Many tourists and locals use hammocks to escape the incredible afternoon heat, while pool addicts like us dish out the 20 Bolivanos or 2 Euros to use the swimming pool at the Hotel Ambaibo, Rurrenabaque

October 18th, after numerous phone calls to the airline and hours waiting at the airport we made it! AmasZonas flight 90 eventually took off and what is more important touched down on the dusty / grassy runway in Rurrenabaque, with no less than a 25 hour delay …

On our second flight the weather was just fine and we were able to watch the Cordillera Real and its many snow-capped mountains of more than 6.000 meters high, while our plane was climbing. Then the scenery abruptly changed with the Yungas highlands down below and finally the Amazon Basin, all this within 40 minutes. Even though it was not a charter flight, literally everyone cheered the pilots for finally getting us there.

Apart from the delays, this was an extreme trip: within 40 minutes we moved from a chilly 4.050 meters on the Andean Altiplano to the heat and humidity of the Amazon Basin at 280 meters in Rurrenabaque.

Rurrenabaque Airport, with a stretch of grass as a runway, near Madidi National Park, Bolivia, South America

Rurrenabaque Airport, with a stretch of grass as a runway, near Madidi National Park, Bolivia, South America

Rurrenabaque Airport, Bolivia

Rurrenabaque Airport, Bolivia

This is a very laid-back sleepy village at the edge of the Amazon. Locals move on scooters and nobody harasses you trying to sell you God knows what. Many tourists and locals use hammocks to escape the incredible afternoon heat, while pool addicts like us dish out the 20 Bolivanos or 2 Euros to use the swimming pool at the Hotel Ambaibo.

We checked in at the Hotel de los Tucanes de Rurre, which was actually the first place where the small bus from the airport stopped “downtown”: a simple but nice place with lots of hammocks in the yard and very cheap. Unfortunately some Israelis were in party mood and stayed in the hammocks most of night drinking. Since every room here has just mosquito nets and no windows, everybody was forced to listen in. We decided to stay at another place when we come back from the trip to the Rain Forest.

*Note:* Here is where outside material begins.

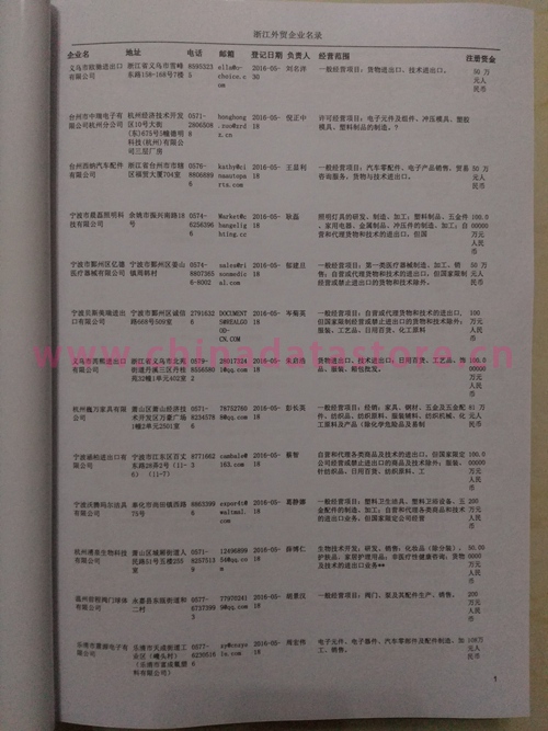 浙江外貿(mào)企業(yè)黃頁包括:外貿(mào)企業(yè)名稱、地址、電話、傳真、郵箱、經(jīng)營范圍、注冊資金等信息。
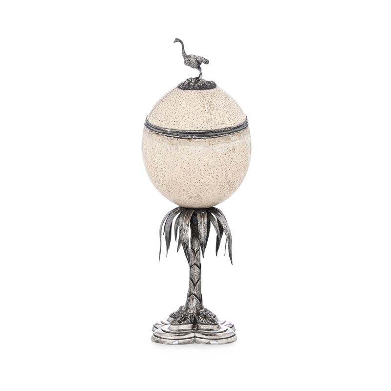 Argento fuso, sagomato e cesellato e uovo di struzzo

The first evening, we decided to meet several of our fellow travellers to celebrate our arriving in Rurrenabaque and “of course” headed toward THE traveller’s bar, the Mosquito Jungle Bar. That place is a gold mine: literally every tourist shows up there for a drink, there must have been 100 people there that night, downing cocktails for 28 Bolivianos (2.8 Euros) before heading out to the Pampa or Rainforest.